That said, more and more people seem to be arriving at the conclusion that if you want a fairly large-sized, complex task in a large existing codebase done right, you'll have better odds with Codex GPT-5.2-Codex-XHigh than with Claude Code Opus 4.5. It's far slower than Opus 4.5 but more likely to get things correct, and complete, in its first turn.

▲

mikkupikku 9 hours ago | parent | prev | next [-]

I think a lot of it comes down to how well the user understands the problem, because that determines the quality of instructions and feedback given to the LLM.

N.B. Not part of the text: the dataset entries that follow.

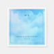 Denna bröllopsserviettdesign har en lugn akvarellbakgrund med mjuka blå nyanser som skapar en luftig och lugn atmosfär. Layouten är centrerad och balanserad och visar elegant serif-typografi för initialerna "M" och "K", tillsammans med namn och datum i en sofistikerad stil. Sköra molnliknande former smälter sömlöst in i bakgrunden och förstärker den drömlika estetiken. Perfekt för att tillföra en touch av elegans på din speciella dag, fångar denna design essensen av fred och firande.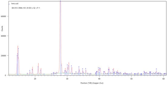The reaction mechanism of boric acid (H3BO3)–boron oxide (B2O3)—with the intermediate metaboric acid (HBO2)—is still not fully and clearly examined. On one hand, Zachariasen [17] described three crystalline modifications of metaboric acid. According to this theory, that was also represented inter alia by Sevim et al. [18], Balcı et al. [19] or Zhang et al. [20], the thermal decomposition of boric acid by thermogravimetric analysis (TG) would reveal two distinguished steps: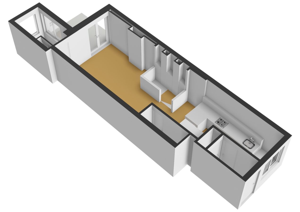 De woning beschikt over een eigen entree wat direct een gevoel van zelfstandigheid en privacy geeft. Op de beletage bevindt zich de ruime living met aan de voorzijde een open keuken en een fraai uitzicht over de gracht. De plafondbalken, hoge raampartijen en verfijnde afwerking zorgen voor een aangename ruimtelijkheid en een serene sfeer.

For instance, I know some people have had success with getting claude to do game development. I have never bothered to learn much of anything about game development, but have been trying to get claude to do the work for me. Unsuccessful. It works for people who understand the problem domain, but not for those who don't. That's my theory.

▲

samrus 8 hours ago | parent [-]

It works for hard problems when the person already solves it and just needs the grunt work done

It also works for problems that have been solved a thousand times before, which impresses people and makes them think it is actually solving those problems

▲

daxfohl 8 hours ago | parent | next [-]

Which matches what they are. They're first and foremost pattern recognition engines extraordinaire. If they can identify some pattern that's out of whack in your code compared to something in the training data, or a bug that is similar to others that have been fixed in their training set, they can usually thwack those patterns over to your latent space and clean up the residuals. If comparing pattern matching alone, they are superhuman, significantly.

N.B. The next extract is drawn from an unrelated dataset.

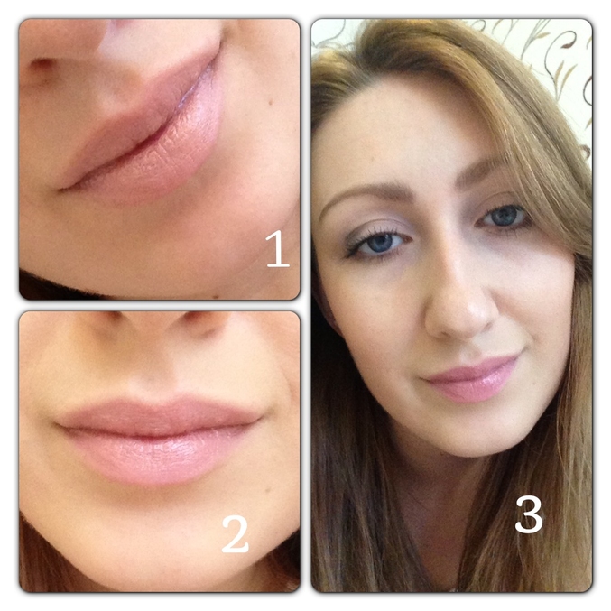 3. Бальзам + помаду наносила кисточкой + более темный блеск для губ.

"Reasoning", however, is a feature that has been bolted on with a hacksaw and duct tape. Their ability to pattern match makes reasoning seem more powerful than it actually is. If your bug is within some reasonable distance of a pattern it has seen in training, reasoning can get it over the final hump. But if your problem is too far removed from what it has seen in its latent space, it's not likely to figure it out by reasoning alone.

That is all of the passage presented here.